Lo extraño del caso tiene que ver con que la presión de Zelenzky, de haber sido cierta en estricto sentido, se hubiera satisfecho con disparar los misiles franco-británicos contra el pueblo y territorio ruso pero, la realidad política del hecho es que se trataba de involucrar a los norteamericanos en una guerra que repudian, jugando a una suerte de hechos consumados que el establishment de la OTAN pretende imponer cruzando los dedos para que Rusia responda contra la propia OTAN o con un arma nuclear táctica en territorio ucraniano, elevando con esto a una situación irreconciliable a las partes en conflicto y arrastrando contra la voluntad del pueblo norteamericano, al mayor ejército del mundo contra Rusia, dejando sin margen a un entrante Trump que se vería obligado a continuar la guerra de los Biden y Obama, teóricamente sin márgenes para contenerla. En este entramado, hay varias aduanas que pueden descomponer con facilidad esta jugada demócrata de riesgo. La primera es una convulsa reacción contra Biden que coloque a Kamala Harris por unos días en la Casa Blanca, y que esta se lleve las medallas de guerra o las palmas de paz, inyectando así vida a su desahuciada carrera política, ya que no hay más cuadros o dirigentes demócratas que puedan levantar la bandera contra Trump.
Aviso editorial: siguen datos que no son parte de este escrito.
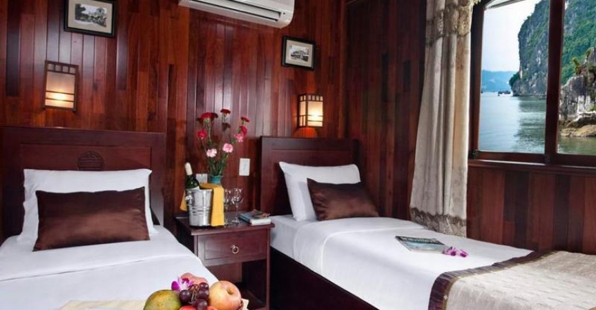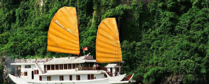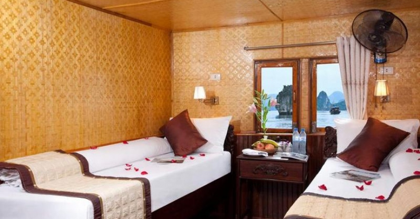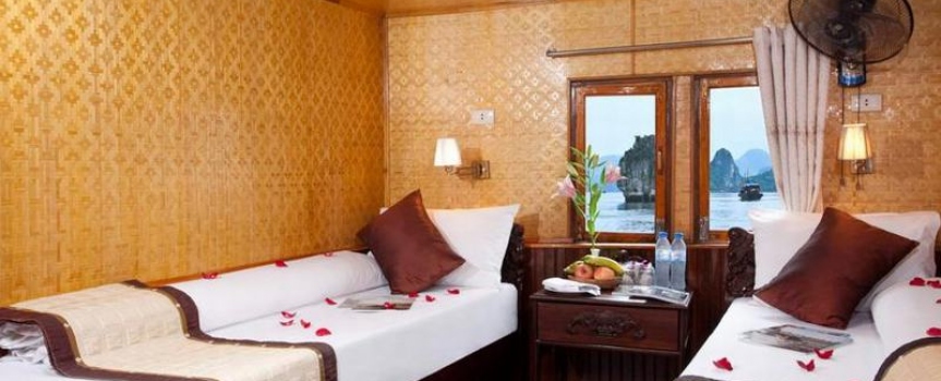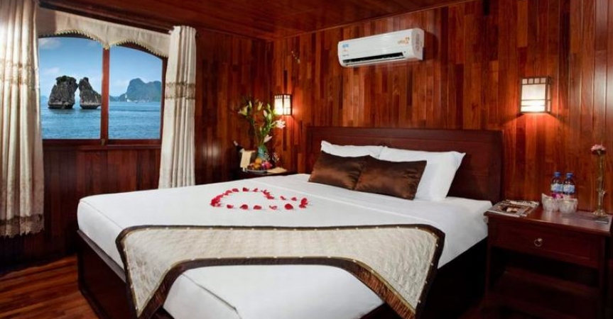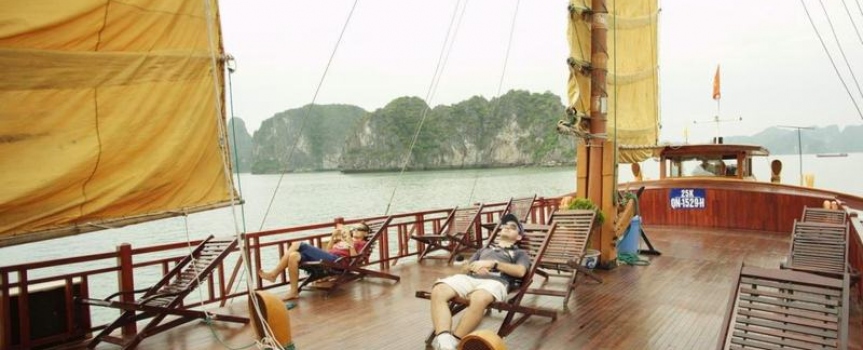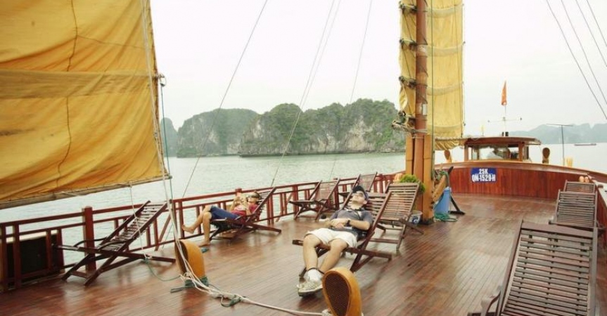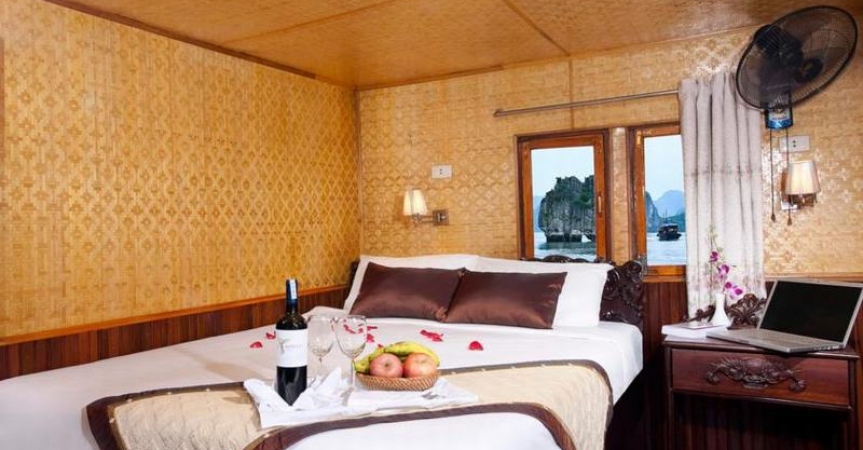12.30 Quý khách thưởng thức bữa trưa trên tàu và cảm nhận vẻ đẹp duyên dáng của Vịnh Bái Tử Long trong khi tàu di chuyển về hang Thầy.

La segunda aduana se encuentra en Moscú, donde los halcones de la guerra del Ejército Rojo van a exigir a Putin que aproveche para aniquilar por medios tácticos o estratégicos, nucleares o convencionales, al régimen “títere” de Kiev, emitiendo una respuesta tan contundente, que sirva para disuadir a los beligerantes mediante la presión de sus sociedades que, al percibir la amenaza nuclear como real, retiren el apoyo político a los gobiernos pro Ucrania, o la decisión de una serie de medidas y ofensivas acotadas que no radicalicen las pasiones en tanto Trump llega a la Casa Blanca.
Esta situación es en la Teoría de Juegos, el clásico dilema de la solución extrema vs presión insalvable, en la que dejó de haber escenarios de contención o de ganadores plenos y la perinola caerá en el supuesto que a todos hace empatar de: todos pierden.
Lo que sí se demuestra, más allá del terror de Zelenzky, la fanfarronería de Francia o la belicosidad de Putin, es que en la elección norteamericana se debatió también la paz mundial por parte de una sociedad cansada y de un gobierno que ha llevado al mundo (y sigue haciéndolo), a situaciones de altísimo riesgo.
La moraleja de la historia es, o será, que cuando el enemigo es tramposo, a veces ganando se pierde; y perdiendo se gana pues, sin nada qué perder, el anciano presidente y los beneficiarios de la trama ucraniana, sin ninguna consideración hacia el modelo democrático o la estabilidad mundial, están prendiendo la mecha de una pólvora lista para estallar. En este caso, una pólvora nuclear.